## Line Chart: Parallel scaling of verifier compute: MATH-500
### Overview
The image is a line chart comparing the accuracy (%) of different models (ThinkPRM-14B, ThinkPRM-14B@4, ThinkPRM-14B@8, DiscPRM-14B, and Majority) against the number of solutions (2^0 to 2^5) for a verifier compute task on MATH-500. The chart illustrates how the accuracy of each model scales with an increasing number of solutions.
### Components/Axes
* **Title:** Parallel scaling of verifier compute: MATH-500
* **X-axis:** Number of solutions (2^0, 2^1, 2^2, 2^3, 2^4, 2^5)
* **Y-axis:** Accuracy (%) (50, 55, 60, 65, 70, 75, 80, 85)
* **Legend:** Located at the bottom of the chart.
* ThinkPRM-14B (brown line with star markers)
* ThinkPRM-14B@4 (light blue dashed line with triangle markers)
* ThinkPRM-14B@8 (yellow dash-dot line with square markers)
* DiscPRM-14B (green line with circle markers)
* Majority (tan line with circle markers)
### Detailed Analysis
* **X-Axis Values:** The x-axis represents the number of solutions, with values at powers of 2: 2^0 (1), 2^1 (2), 2^2 (4), 2^3 (8), 2^4 (16), and 2^5 (32).

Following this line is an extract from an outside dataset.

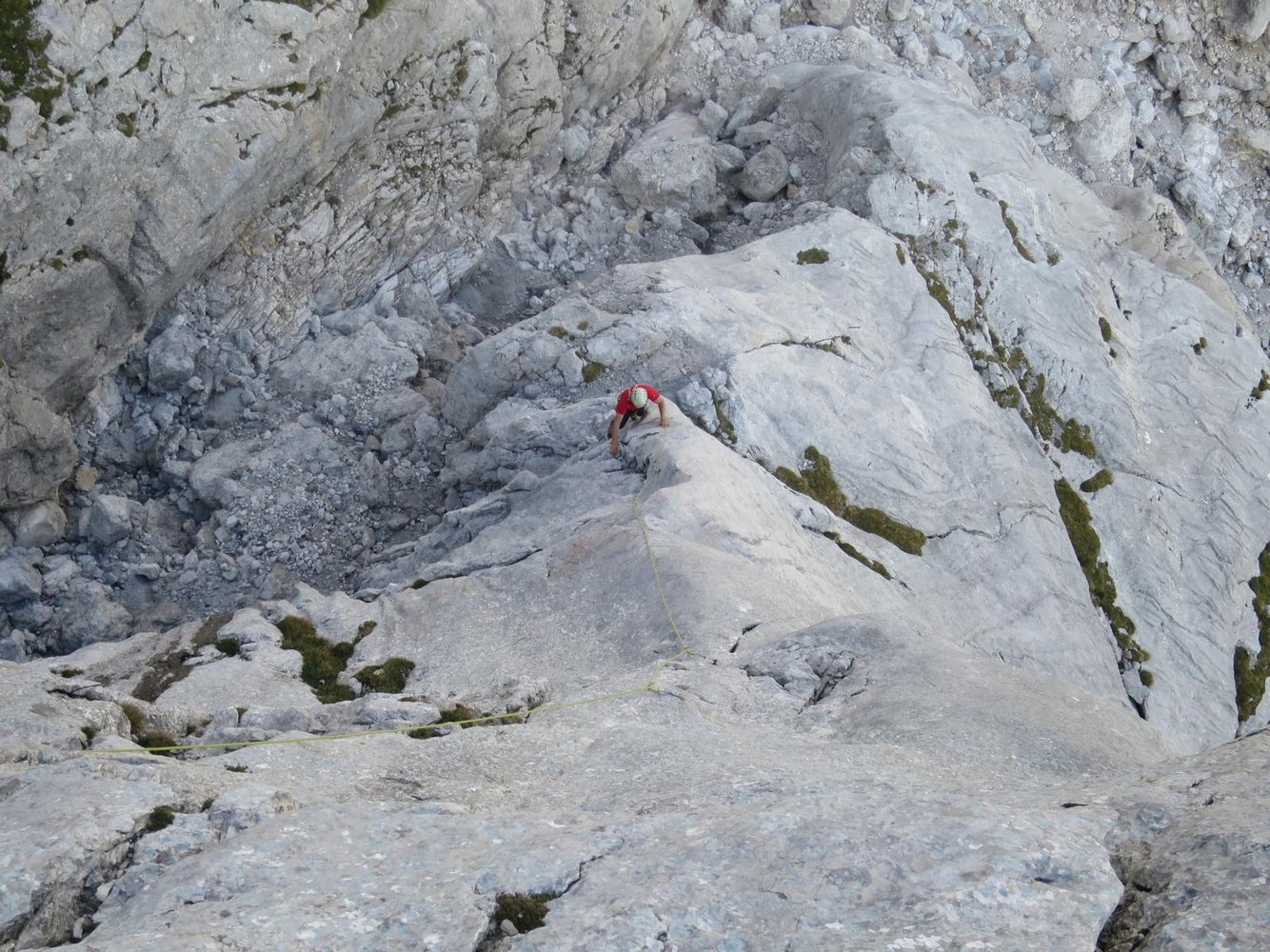 Durch ein Geröllkar nach der Waldgrenze hinauf. Der Weg verliert sich kurz auf einer Wiese unter der Stangenwand, man geht in der ursprünglichen Richtung leicht linkshaltend weiter, nach ca. 10 min "taucht" der Weg im Geröll wieder auf. Die Ostkante ist dann gut sichtbar, man steigt erst auf fast gleicher Höhe links zum Einstieg hinüber (mühsam im Geröll, aber bei genauerem Hinsehen sind Wegspuren zu erkennen).

* **Y-Axis Values:** The y-axis represents the accuracy in percentage, ranging from 50% to 85% in increments of 5%.
**Data Series Analysis:**
* **ThinkPRM-14B (brown line with star markers):**
* Trend: Generally increasing.
* Data Points:
* 2^0: ~51%
* 2^1: ~51%
* 2^2: ~69%
* 2^3: ~77%
* 2^4: ~79%
* 2^5: ~83%
* **ThinkPRM-14B@4 (light blue dashed line with triangle markers):**
* Trend: Increasing.
* Data Points:
* 2^0: ~51%
* 2^1: ~62%
* 2^2: ~69%
* 2^3: ~81%
* 2^4: ~82%
* 2^5: ~84%
* **ThinkPRM-14B@8 (yellow dash-dot line with square markers):**
* Trend: Increasing.
* Data Points:
* 2^0: ~51%
* 2^1: ~61%
* 2^2: ~69%
* 2^3: ~77%
* 2^4: ~80%
* 2^5: ~83%
* **DiscPRM-14B (green line with circle markers):**
* Trend: Increasing, then plateaus.
* Data Points:
* 2^0: ~51%
* 2^1: ~62%
* 2^2: ~70%
* 2^3: ~73%
* 2^4: ~73%
* 2^5: ~73%
* **Majority (tan line with circle markers):**
* Trend: Stagnant, then increasing.
* Data Points:
* 2^0: ~51%
* 2^1: ~51%
* 2^2: ~69%
* 2^3: ~73%
* 2^4: ~73%
* 2^5: ~73%
### Key Observations
* ThinkPRM-14B@4 generally achieves the highest accuracy across all solution counts.
* DiscPRM-14B and Majority models plateau in accuracy after 2^3 solutions.
* All models start with similar accuracy at 2^0 solutions.
* The accuracy of all models generally increases with the number of solutions, except for DiscPRM-14B and Majority, which plateau.
### Interpretation
The chart demonstrates the parallel scaling performance of different verifier compute models on the MATH-500 dataset. The ThinkPRM-14B variants, especially ThinkPRM-14B@4, show the best scaling behavior, achieving higher accuracy as the number of solutions increases. The DiscPRM-14B and Majority models, however, reach a performance ceiling, suggesting that increasing the number of solutions beyond a certain point does not improve their accuracy. This indicates that the ThinkPRM-14B models are better suited for tasks where a larger number of solutions can be explored to improve verification accuracy. The "@4" and "@8" likely refer to different configurations or parameters within the ThinkPRM-14B model, with "@4" being the most effective in this scenario.